How To Get Started On Staking

Written by allnodes | Published 2022/11/04
Tech Story Tags: crypto | cryptocurrency | staking | proof-of-stake | crypto-trading | blockchain | blockchain-technology | blockchain-development

TLDRBy staking, you are locking up your PoS collateral in exchange for actively partaking in verifying transactions and creating new blocks. As such, you're becoming an honest participant in the network since you have a stake to lose if you are not. Staking secures the network, backs the price of its native token and contributes to decentralization. In exchange for the stake, you receive staking rewards or percentage yield, typically in the same coin, paid regularly and almost always higher than any interest rate of traditional savings accounts or payments on treasury bonds.via the TL;DR App

Staking is a way to make money from your idle Proof-of-Stake (PoS) cryptocurrency without trading while getting genuinely involved with its network. By staking, you are locking up your PoS collateral in exchange for actively partaking in verifying transactions and creating new blocks. As such, you're becoming an honest participant in the network since you have a stake to lose if you are not. Staking secures the network, backs the price of its native token and contributes to decentralization. In exchange for the stake, you receive staking rewards or percentage yield, typically in the same coin, paid regularly and almost always higher than any interest rate of traditional savings accounts or payments on treasury bonds.

Also, it is important to point out that there are no guarantees when it comes to staking, just like there are no guarantees in crypto trading or stock investing, for that matter. This article breaks down the steps for starting staking if you can handle some risks.

1)  Determine how to stake

Bear in mind that validating transactions is more complex and time-consuming if you run your own node or easier and safer if you host your node with a reliable provider. You can also delegate your stake to a validator and save the time and money required for special staking hardware, software, maintenance, and extensive expertise.

2)  Decide on your staking goals and risk tolerance

Your staking goals can be short or long-term with varying degrees of risk. Some PoS protocols require substantial collateral with prolonged staking periods and moderate yield, but these might be established or less risky networks, solving real problems and spurring innovation.

Newer PoS blockchains may be riskier but generate hefty APR with shorter staking duration requirements and unbonding periods which is how quickly you can withdraw your stake from the network. There is no general rule, however. Every PoS protocol is different and should be well-researched before staking.

3)  Choose where to stake

Next, it's time to choose where to stake. Your options include centralized exchanges and custodial platforms or decentralized exchanges (DEXs) and non-custodial staking platforms. The main difference between centralized and decentralized exchanges comes down to control.

Centralized entities offer staking services for an unclear percentage of your rewards in exchange for complete control of your digital assets. In addition, your staking rewards are often lower, sometimes substantially, than rewards from DEXs or non-custodial entities for the same protocol.

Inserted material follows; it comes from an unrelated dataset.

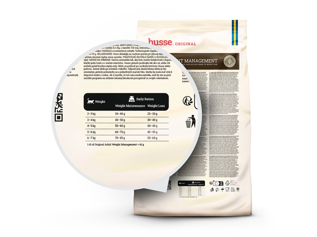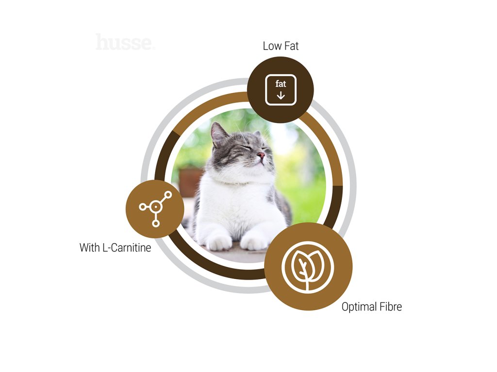Pomozte své kočce udržet si ideální kondici bez kompromisů v chuti ani výživě. Husse Adult Weight Management je kompletní superprémiové granulované krmivo určené pro dospělé a starší kočky s nadváhou nebo se sklonem k přibírání. Přidaný L-karnitin podporuje metabolismus tuků, optimální obsah vlákniny zajišťuje pocit sytosti a zdravé trávení a snížený obsah tuku pomáhá při redukci či udržení hmotnosti. Receptura je navíc obohacena o taurin, prebiotika a antioxidanty, které podporují zdraví srdce, imunitu a vyváženou střevní mikroflóru — aby byla vaše kočka fit a v dobré kondici.
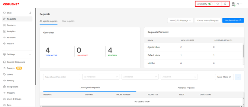 - From the top bar, you have the option to specify your availability by toggling the availability switch on or off. Additionally, you can mute the chat console by clicking the speaker icon adjacent to the availability toggle.

Yet, it is the easiest type of staking.

Non-custodial staking platforms, on the other hand, have no access to your digital funds. They provide node hosting or delegation services for a fixed monthly payment or commission fee. The more reputable platforms are invested in maximizing their members' staking rewards. And their intuitive UX and UI make staking simple, fast, and efficient. You are more involved with a non-custodian, more vigilance is required since you are in control over your assets, but the rewards are greater. So, it's something to consider.

4)  Invest in a hardware wallet

Please invest in a hardware wallet if you decide to stake on a non-custodial platform or DEXs. Keeping your assets in a hardware wallet is generally a good practice, especially if you are just holding. Your goal is to secure your funds, making it very hard for someone to steal even if you lose the physical device. Plus, staking is fully integrated with some hardware wallets, so it's a question of necessity if you are your own custodian.

5)  Select the right validator

When you use custodial services, you don't have a say in where your stake goes, nor do you know. But when delegating on your own, selecting a trustworthy validator will ensure the safety of your stake and reward. Slashing or loss of funds and jailing or loss of rating and subsequent staking rewards occurs when a validator misbehaves. Again, proper research will help avoid such validators.

You are looking at reliability, reputation, and rates, of course. A reliable validator is always online, measured by uptime. An uptime of 99.9% SLA or higher is desirable. You can infer a validator's reputation through reviews, valid and ongoing online presence, and other publicly disclosed information. If hosting your own node, look for reasonable monthly fees that align with your node's infrastructure requirements. And if delegating, look for commission fees between 0 and 10% but keep in mind that zero percent is not forever, and validators reserve the right to increase their node operating fees at any time.

6)  Learn to auto-compound!

The compounding effect is the ultimate way to accumulate higher profits from staking rewards. It is a reward on the initial staked amount that has collected staking rewards or interest on interest. The more you auto-compound, the higher your return.

Automated auto-compounding is possible for some protocols on decentralized applications (DApps) and selected non-custodial staking platforms. Manual auto-compounding is available for most PoS protocols but requires more involvement. Nevertheless, it is entirely worth learning about.